Sentinel resolves capabilities by looking at the nearest user-installed package in the call stack. A “service” package that wraps privileged operations acts as a capability broker: only the service needs the grant, not the packages that call into it.
Centralizing privileged operations in a dedicated service package is the recommended pattern when multiple consumer packages need the same privileged operation. Grant only the service the capability, let consumers remain unprivileged, and the service becomes the policy enforcement point — it decides what it exposes, and Sentinel enforces that nothing bypasses it.
How call stack resolution works
When package A calls a method in package B, and package B internally makes a privileged call (for example fs.readFileSync), the call stack looks like this:
fs.readFileSync ← built-in (skipped)
node-red-contrib-file-service/index.js:55 ← nearest userDir frame → checked
node-red-contrib-my-processor/index.js:12 ← outer frame (not checked for this call)
node-red-contrib-file-service first and checks its grants. node-red-contrib-my-processor is not involved in the capability check at all.
The service node pattern
Publish a service package that wraps privileged operations behind a controlled API, grant it the capabilities it needs, and let consumer packages call it freely.

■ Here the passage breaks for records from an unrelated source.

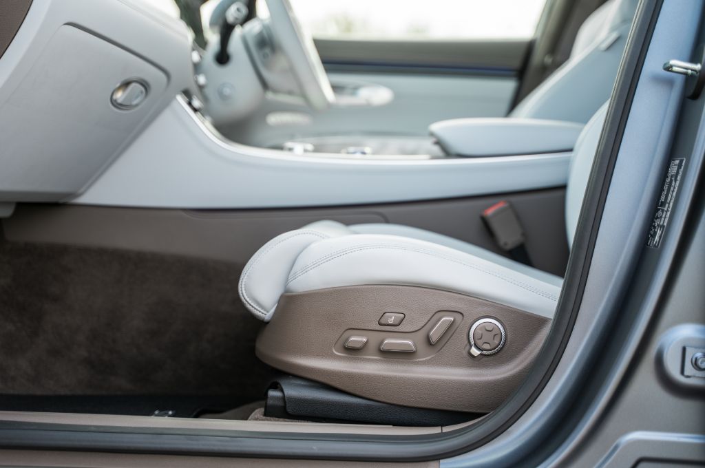 Tick another option box and you’ll end up with 18-way electrically adjustable seats with heating, ventilation and a massage function. These also feature Genesis’s smart posture assist, which subtly adjusts the seat and activates the massage function to stop your back going stiff on long journeys. The same option pack adds heated seats for your rear passengers, who can also benefit from their own third climate control zone.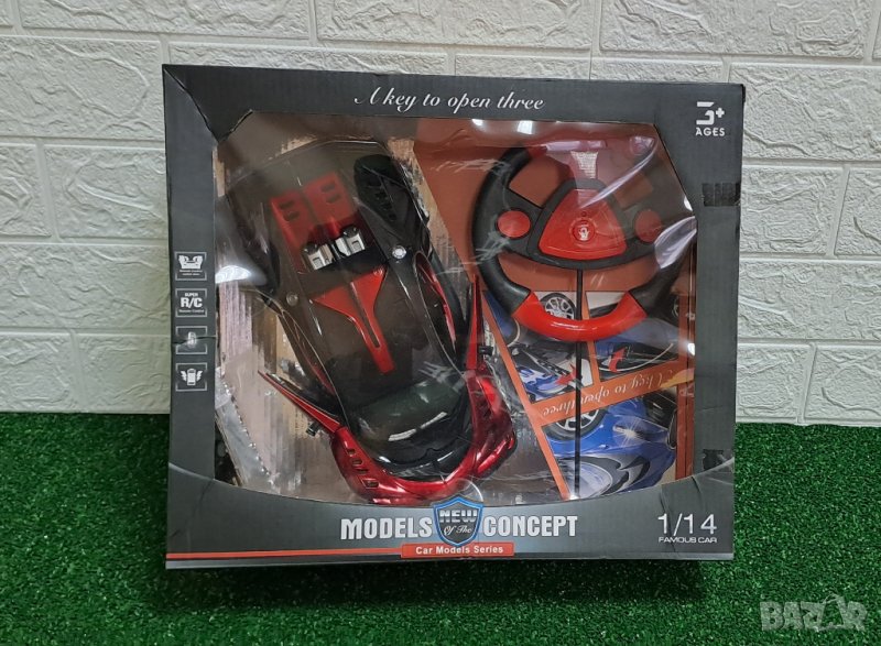 Голяма радиоуправляема кола Bugatti с отварящи се врати и капак.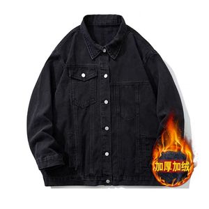 2025新款加绒加厚牛仔外套男春秋潮流宽松夹克男衣服工装外套潮牌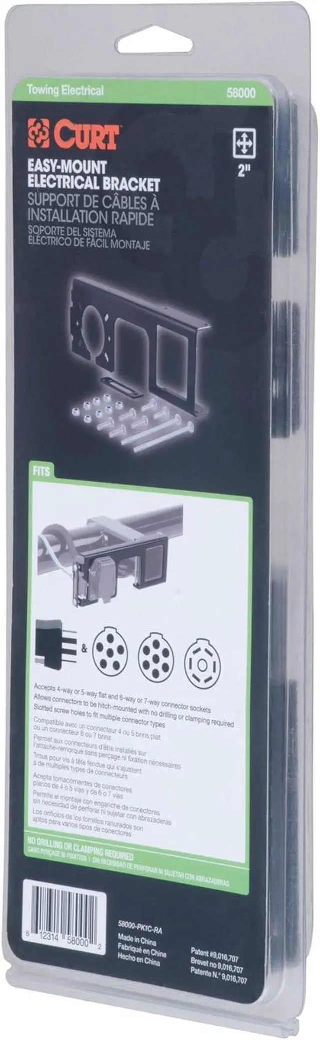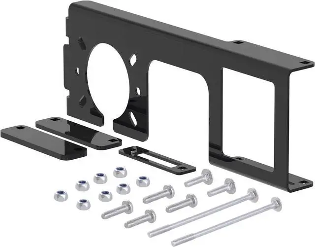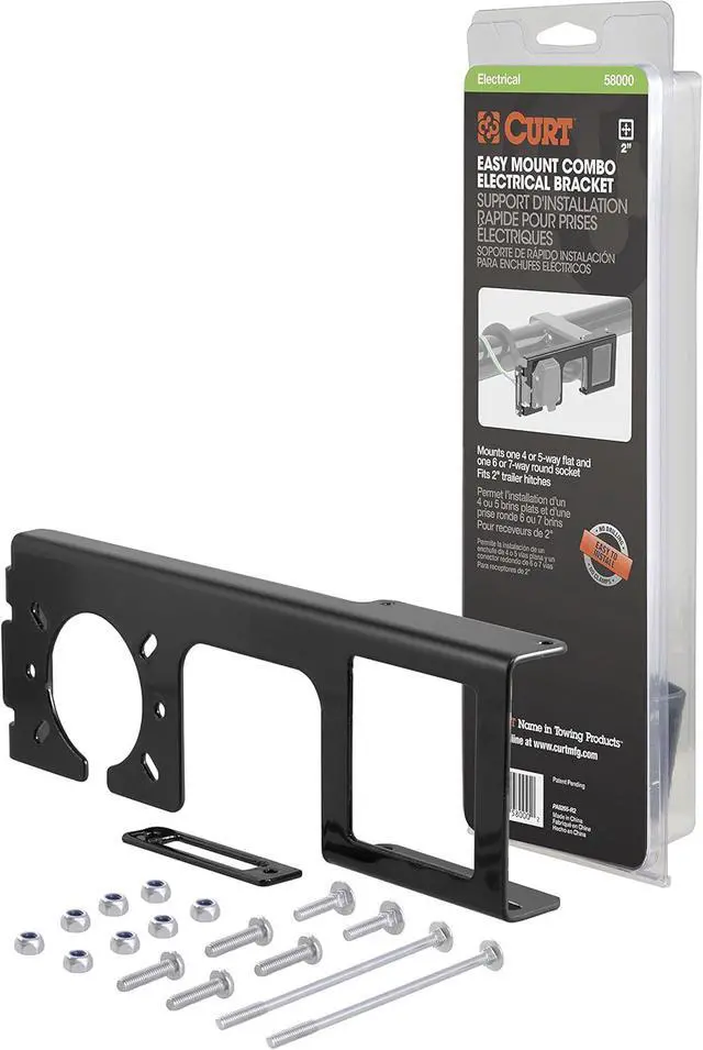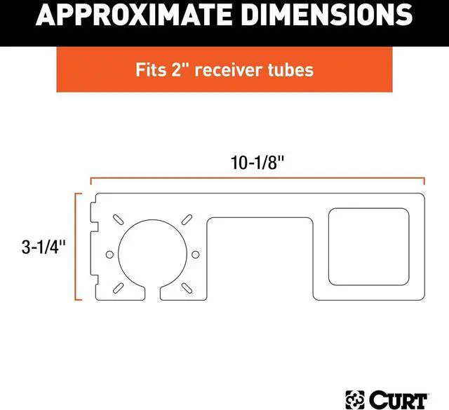 Allows connectors to be hitch-mounted on virtually any 2 x 2 trailer hitch receiver tube with no drilling or clamping required (US patent #9 016 707)Accepts 4-way or 5-way flat and 6-way or 7-way round connector socketsTwo threaded bolts ensure a fast secure hitch mountNotched design allows convenient access to pin & clipSteel body will not break like competitive plastic products and it is protected by a durable powder coat finish
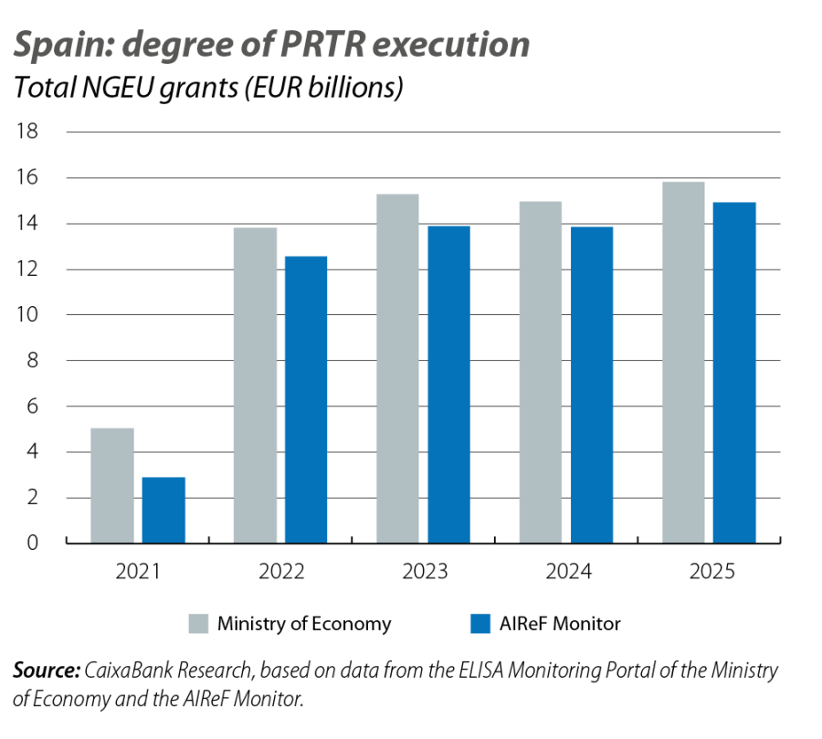 Between 2021 and December 2025, the sum of NGEU grants that had been «executed» – i.e. calls and tenders completed by the various public administrations – amounted to 59 billion and 64.9 billion euros according to the AIReF Monitor and the Ministry of Economy’s ELISA tool, respectively, which is equivalent to between 74% and 81% of the programme’s total (79.8 billion euros).2 The annual execution rate in 2025 was slightly higher than in 2024: around 15 billion euros were executed in 2025,3 which is about 1 billion more than in 2024, an increase on which both metrics agree.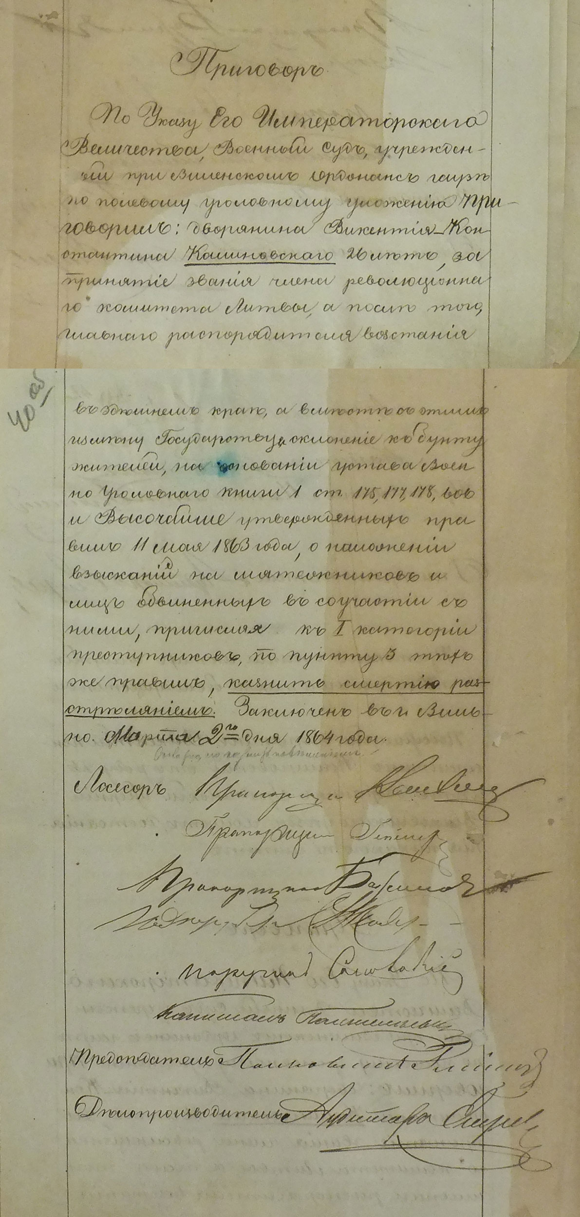 По Указу Его Императорскаго Величества, Военный Суд, учрежденный при Виленскомъ Ордонансъ гаузѣ по полевому уголовному уложенію ПРИГОВОРИЛЪ: дворянина Викентія-Константина Калиновскаго 26 лѣтъ, за принятіе званія члена революціоннаго комитета Литвы, а послѣ того, главнаго распорядителя возстанія въ здѣшнемъ краѣ, а вмѣстѣ съ этимъ измѣну Государству и склоненіе къ бунту жителей, на основаніи устава Военно Угололовнаго книги 1 ст.[атей] 175, 177, 178, 606 и Высочайше утвержденныхъ правилъ 11 мая 1863 года о наложеніи взысканій на мятежниковъ и лицъ, обвиненныхъ въ соучастіи съ ними, причисляя къ І категоріи преступниковъ, по пункту 3 тѣхъ же правилъ, казнить смертію разстрѣляніемъ. Заключено въ г.[ородѣ] Вильно Марта 2го дня 1864 года.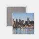 Esta é a lindíssima linha do horizonte da cidade de Filadélfia, tirada ao pôr do sol do outro lado do rio Delaware, na margem de Camden. A arquitetura dos arranha-céus de Filadélfia está exposta nesta foto. Center City, a área centro de Filadélfia, é o foco desta fotografia. As luzes da cidade lançam reflexões coloridas sobre a água.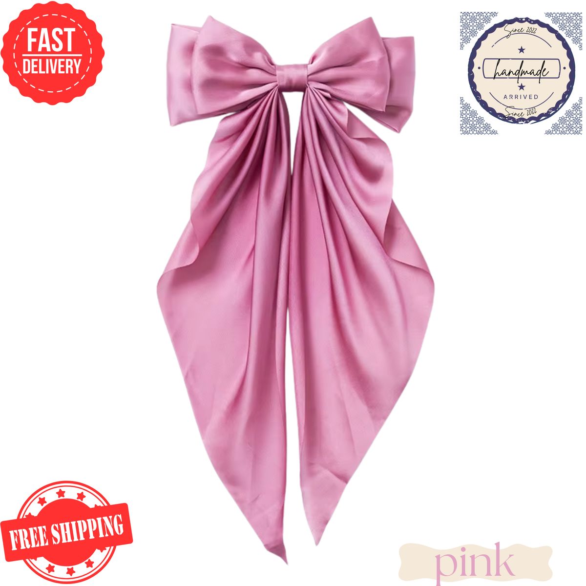 Christmas Sale Long Satin Hair Bow for Stylish Hairstyles and Everyday Use PINK

Create the service package
The service package holds the privileged capability and exposes a controlled API to consumers. Consumers call the API method; the service makes the underlying privileged call.// node-red-contrib-file-service/index.js
// This package holds fs:read — consumers don't need it.
module.exports = function (RED) {
function FileServiceNode(config) {
RED.nodes.createNode(this, config);
// Exposed API — consumers call node.readConfig(), not fs directly.
this.readConfig = function (filePath) {
return require("fs").readFileSync(filePath, "utf8");
};
}
RED.nodes.registerType("file-service", FileServiceNode);
};
Create the consumer package
The consumer obtains a reference to the service node via RED.nodes.getNode() and calls the service’s API. It never calls fs directly.// node-red-contrib-my-processor/index.js
// No fs capability needed — reads files through the service node.
module.exports = function (RED) {
function ProcessorNode(config) {
RED.nodes.createNode(this, config);
var service = RED.nodes.getNode(config.serviceId);
this.on("input", function (msg) {
var data = service.readConfig("/data/config.json"); // service makes the fs call
// ... process data
this.send(msg);
});
}
RED.nodes.registerType("my-processor", ProcessorNode);
};
Grant only the service the privileged capability
Only the service package holds fs:read. The consumer package needs no capability beyond registering its node type.// settings.js
sentinel: {
allow: {
// Only the service needs fs:read — it owns the privileged boundary.
"node-red-contrib-file-service": ["registry:register", "fs:read"],
// The consumer needs no capability beyond registering its node type.
"node-red-contrib-my-processor": ["registry:register"],
},
}
Security benefit
If a consumer package is compromised, it still cannot perform the privileged operation directly. Any attempt by node-red-contrib-my-processor to call require('fs').readFileSync() would be blocked — it does not hold fs:read. The only path to the privileged operation is through the service’s controlled API, which the service author decides to expose.
This limits the blast radius of a compromised consumer: the attacker can invoke whatever the service chooses to expose, but cannot reach the underlying resource directly or perform operations the service API does not offer.